В тот же день он направил указания, почти слово в слово повторяющие письмо Плетневу, Шевыреву и Аксакову в Москву. От них он также потребовал клятвы не раскрывать получателю денег имени дарителя, и сам даритель не должен знать имени получателя.

«Как бы ни показалось вам многое здесь странным, вы должны помнить только, что воля друга должна быть священна , и на это мое требование… вы должны ответить только одним словом „да“».

На секунду в его сознании не возникла мысль, что он должен внушительные суммы людям, от которых он требовал, чтобы они пожертвовали его доходы в пользу «бедных, но достойных студентов». Он не подумал также о том, что эти деньги выручили бы его мать и сестер. Что касается его личных расходов, то он, как обычно, рассчитывал, что друзья его не оставят. С таким немыслимым непостоянством он делал щедрые подарки и одновременно просил других содержать его; он присваивал себе звание благотворителя, черпая деньги из кармана друга; он угождал Богу, не платя ни копейки. Ловкость рук и никакого мошенничества? Моральное вымогательство, достойное самого Чичикова. Десять дней спустя, после своего торжественного отказа от всей выручки с книг, он пишет Смирновой с просьбой оказать ему материальную помощь. Она, между тем, вернулась в Россию. Она была богата. И у нее было столько обязательств по отношению к Гоголю за его добрые советы! После длинного наставления благодетель студентов прямо приступил к делу, которое его сильно волновало:



«Так как вы уже несколько раз напоминаете мне о деньгах, то я решаюсь наконец попросить у вас.
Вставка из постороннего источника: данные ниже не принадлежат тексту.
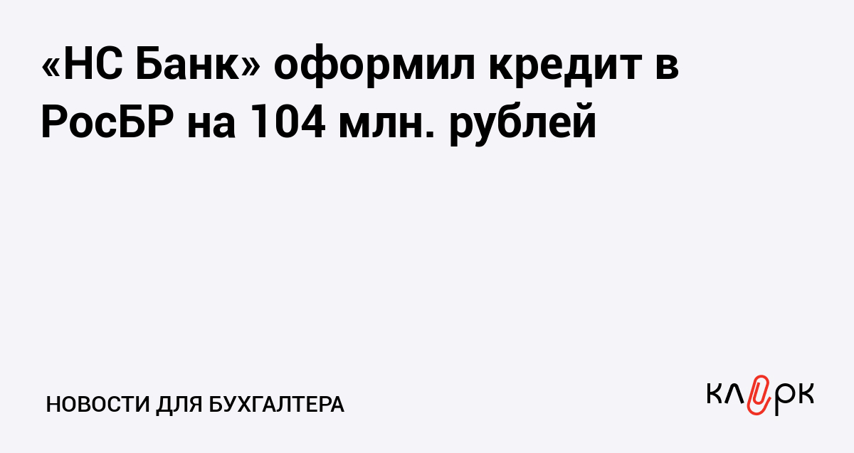 «НС Банк» оформил кредит в РосБР на 104 млн. рублей

Если вам так приятно обязать меня и помочь мне, то я прибегну к займу их у вас. Мне нужно будет от трех до шести тысяч в будущем году. Если можете, то пришлите на три вексель во Франкфурт. А другие три тысячи в конце 1845 года».[416]

Уладив этот вопрос, он наивно стал ждать поздравлений от своих друзей за проявление инициативы в пользу трудолюбивой молодежи. К его великому удивлению, как из Москвы, так и из Петербурга он получил одни только упреки. С. П. Шевырев отказывался повиноваться его наказу до тех пор, пока Гоголь хотя бы выплатит свой долг С. Т. Аксакову, который в настоящее время находился в затруднительном финансовом положении, и заявил, что вся эта затея, ему кажется, противоречит элементарным понятиям о чести; Плетнев напомнил ему, что он должен подумать о матери и сестрах, прежде чем играть в филантропа; в конце концов, один и другой, несмотря на просьбу своего распорядителя, разгласили тайну. П. А. Плетнев, в частности, ознакомил А. О. Смирнову с намерениями ее духовника, который, кстати, не отставал от нее с просьбами о долгосрочной ссуде. Она набралась храбрости и написала ему:



«У вас на руках старая мать и сестры. Хотя вы думали, что обеспечили их состояние, но что ж делать, если, по неблагоразумию или каким-либо непредвиденным обстоятельствам, они опять у вас лежат на плечах. Дело ваше, прежде всего, при получении отчета Прокоповича, сперва и не помышляя ни о какой помощи бедным студентам, выручить ее из стесненных обстоятельств. И потому мы решили с Плетневым, что так и поступим, если точно есть какие-нибудь деньги у Прокоповича».[417]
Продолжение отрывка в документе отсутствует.